• [Information given]:
__________________________________________________
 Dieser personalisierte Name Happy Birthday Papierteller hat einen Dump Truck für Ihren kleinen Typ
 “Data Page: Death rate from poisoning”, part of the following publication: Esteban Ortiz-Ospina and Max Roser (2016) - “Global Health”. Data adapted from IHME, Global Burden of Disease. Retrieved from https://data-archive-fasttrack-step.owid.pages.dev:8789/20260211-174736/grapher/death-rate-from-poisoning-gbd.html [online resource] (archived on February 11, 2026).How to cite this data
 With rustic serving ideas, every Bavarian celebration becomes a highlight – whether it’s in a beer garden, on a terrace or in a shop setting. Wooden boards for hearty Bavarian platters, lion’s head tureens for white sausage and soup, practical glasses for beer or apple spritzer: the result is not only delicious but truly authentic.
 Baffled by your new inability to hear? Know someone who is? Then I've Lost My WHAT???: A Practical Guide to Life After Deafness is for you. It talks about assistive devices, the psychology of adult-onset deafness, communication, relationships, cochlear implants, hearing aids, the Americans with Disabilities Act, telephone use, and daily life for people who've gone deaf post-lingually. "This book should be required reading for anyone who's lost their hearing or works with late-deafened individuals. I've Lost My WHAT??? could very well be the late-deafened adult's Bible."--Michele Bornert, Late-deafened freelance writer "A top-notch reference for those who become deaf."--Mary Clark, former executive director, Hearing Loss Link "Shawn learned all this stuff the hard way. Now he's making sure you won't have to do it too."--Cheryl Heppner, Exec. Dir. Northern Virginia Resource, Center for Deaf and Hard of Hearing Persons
__________________________________________________
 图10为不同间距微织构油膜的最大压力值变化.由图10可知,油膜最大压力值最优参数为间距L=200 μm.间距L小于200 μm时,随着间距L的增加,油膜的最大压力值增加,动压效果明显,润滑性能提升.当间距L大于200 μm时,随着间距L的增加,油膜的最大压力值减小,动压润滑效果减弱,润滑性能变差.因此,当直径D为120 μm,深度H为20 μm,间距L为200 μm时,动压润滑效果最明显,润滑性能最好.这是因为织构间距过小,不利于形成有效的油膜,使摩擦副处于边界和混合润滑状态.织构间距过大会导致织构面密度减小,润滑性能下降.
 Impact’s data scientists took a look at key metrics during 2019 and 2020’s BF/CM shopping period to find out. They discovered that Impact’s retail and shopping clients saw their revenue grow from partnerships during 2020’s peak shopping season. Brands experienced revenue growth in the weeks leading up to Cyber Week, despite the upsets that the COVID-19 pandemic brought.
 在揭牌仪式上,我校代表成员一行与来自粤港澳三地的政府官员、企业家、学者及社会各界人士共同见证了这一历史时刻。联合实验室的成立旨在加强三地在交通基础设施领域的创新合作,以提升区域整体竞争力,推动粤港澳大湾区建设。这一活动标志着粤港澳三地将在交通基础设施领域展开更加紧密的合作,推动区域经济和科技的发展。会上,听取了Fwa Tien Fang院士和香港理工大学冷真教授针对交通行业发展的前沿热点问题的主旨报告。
__________________________________________________
• [Task directions]:
Which of the lines in the material above contain "data"? Copy each one out.

• [Response to this task]:
 “Data Page: Death rate from poisoning”, part of the following publication: Esteban Ortiz-Ospina and Max Roser (2016) - “Global Health”. Data adapted from IHME, Global Burden of Disease. Retrieved from https://data-archive-fasttrack-step.owid.pages.dev:8789/20260211-174736/grapher/death-rate-from-poisoning-gbd.html [online resource] (archived on February 11, 2026).How to cite this data
 Impact’s data scientists took a look at key metrics during 2019 and 2020’s BF/CM shopping period to find out. They discovered that Impact’s retail and shopping clients saw their revenue grow from partnerships during 2020’s peak shopping season. Brands experienced revenue growth in the weeks leading up to Cyber Week, despite the upsets that the COVID-19 pandemic brought.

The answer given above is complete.